Our findings suggest that posterior sheath supplementation with Vicryl mesh is a feasible approach to achieve posterior sheath closure in challenging abdominal wall reconstruction cases. Given the absence of notable mesh-related complications and a similar hernia recurrence rate to cases without posterior sheath supplementation, Vicryl mesh can be used to safely achieve posterior sheath closure in complex reconstructions with insufficient native tissue.

摘要

引言

在腹横肌松解(TAR)手术中,理想情况下,后鞘应完全重新对合,以建立一个将聚丙烯补片与内脏内容物隔离开的界面。
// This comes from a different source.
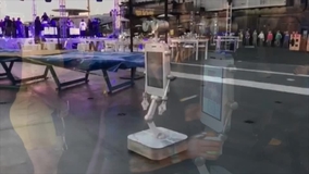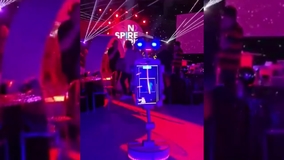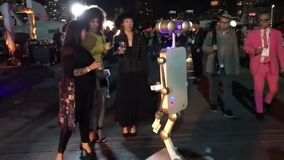 All actions of this interactive robot are manually controlled by an operator, including speech, from a distance that ensures guests do not notice. The benefit of having a human control this mobile photo robot is the ability to respond promptly, conversationally, and with a touch of humor. The cleverly designed interactive robot has a moving head and arms, and its eyes and eyebrows can be animated to give it human-like expressions.

当无法对后鞘进行一期缝合时,通常使用薇乔补片来辅助后鞘闭合,并将未涂层的聚丙烯补片置于薇乔补片表面。使用薇乔补片作为抗粘连屏障的长期影响尚不清楚。在本研究中,我们旨在评估在接受后入路腹壁成形术的患者中,将薇乔补片置于聚丙烯补片下方以辅助后鞘缺损闭合时的效果。

方法

对2014年1月至2022年12月期间在克利夫兰诊所腹部核心健康中心接受腹直肌分离修复术(VHR)并同时进行TAR手术、使用永久性合成补片以及用薇乔补片辅助后鞘闭合的成年患者,从腹部核心健康质量协作组前瞻性收集的数据库中进行回顾性查询。我们评估了30天伤口发病率、围手术期并发症、长期补片相关并发症以及实际的疝复发情况。

结果

确定了53例接受TAR手术并使用薇乔补片辅助后鞘闭合且至少随访12个月的患者。在这53例患者中,94.3%表现为复发性疝,73.6%为中线疝,7.5%为侧腹壁疝,18.9%同时存在造口旁疝。疝的平均宽度为24.9 cm(±8.8 cm)。在我们的研究中未发现与薇乔补片相关的手术并发症,没有补片侵蚀、瘘管形成或小肠梗阻干预的情况。3例患者(5.7%)出现需要再次手术的皮肤坏死,其中2例(3.8%)导致永久性补片切除,未累及腹腔内脏器。在整个12个月的随访中,记录了23例(43.4%)手术部位事件(SSO)和需要手术干预的手术部位事件(SSOPI)。

结论

我们的研究结果表明,在具有挑战性的腹壁重建病例中,用薇乔补片辅助后鞘闭合是实现后鞘闭合的一种可行方法。鉴于没有明显的补片相关并发症,且疝复发率与未辅助后鞘闭合的病例相似,薇乔补片可用于在自体组织不足的复杂重建中安全地实现后鞘闭合。